So much of what we have been able to accomplish over the past two years is enabled by the Internet Archive, and in particular the Wayback Machine. For example, our first event in December 2016 sought to archive EPA websites, prior to Trump’s inauguration, by nominating key pages and datasets for inclusion in the Wayback Machine. subsequent 5 months, as over 49 DataRescue events were held across the country, and over 63,000 web pages from environmental agencies like EPA, NOAA, NASA, and OSHA were nominated to the archive. The DataRescue project ended in June 2017, but not before raising important questions about the politics of data accessibility and stewardship.
Through DataRescue we began partnering buy sales lead with the Internet Archive, which has become essential in another EDGI project: tracking ongoing changes at federal agency websites.
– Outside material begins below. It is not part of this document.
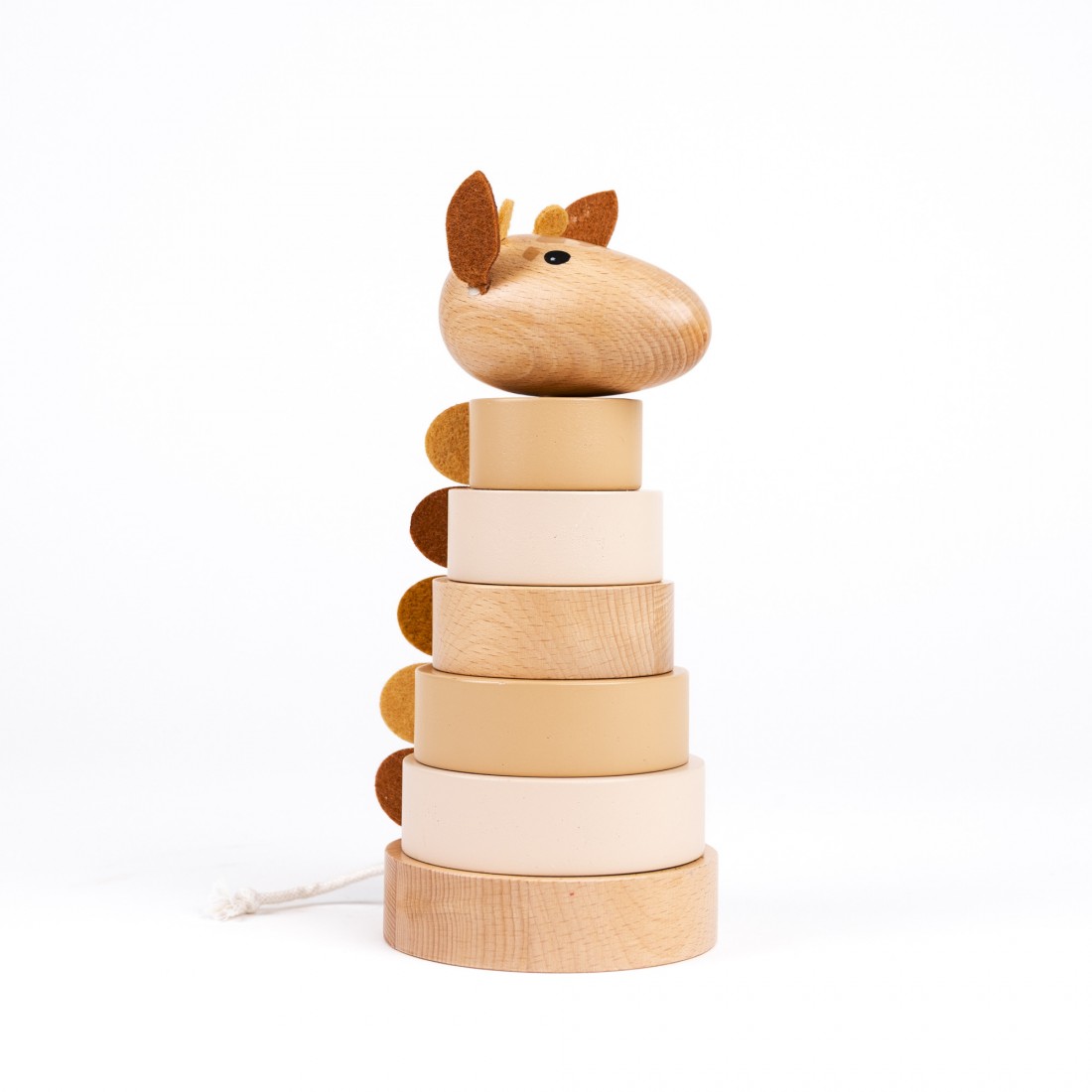 Découvrez la charmante pyramide en bois Léonie la Girafe de la marque rétro Egmont Toys. Un jouet décoratif et évolutif, idéal pour accompagner bébé dès ses premiers mois puis l’aider à développer sa motricité fine lorsqu’il grandit.

Initially using a fee-based software program, Versionista, to crawl government web pages (currently crawling 42,000 URLs), we have been able to locate and report on the removal or alteration of web content on climate, non-renewable energy sources, and important environmental treaties.
This kind of work increasingly relies on the Wayback Machine, and our reports systematically include references and screenshots from it. In our commitment to building participatory and responsive civic technologies and data infrastructure (partly inspired by the Internet Archive), we also developed our own web monitoring software, called Scanner, that is free and open-source, and which we plan to turn into a public platform. We are partnering with the Internet Archive to develop its functionality.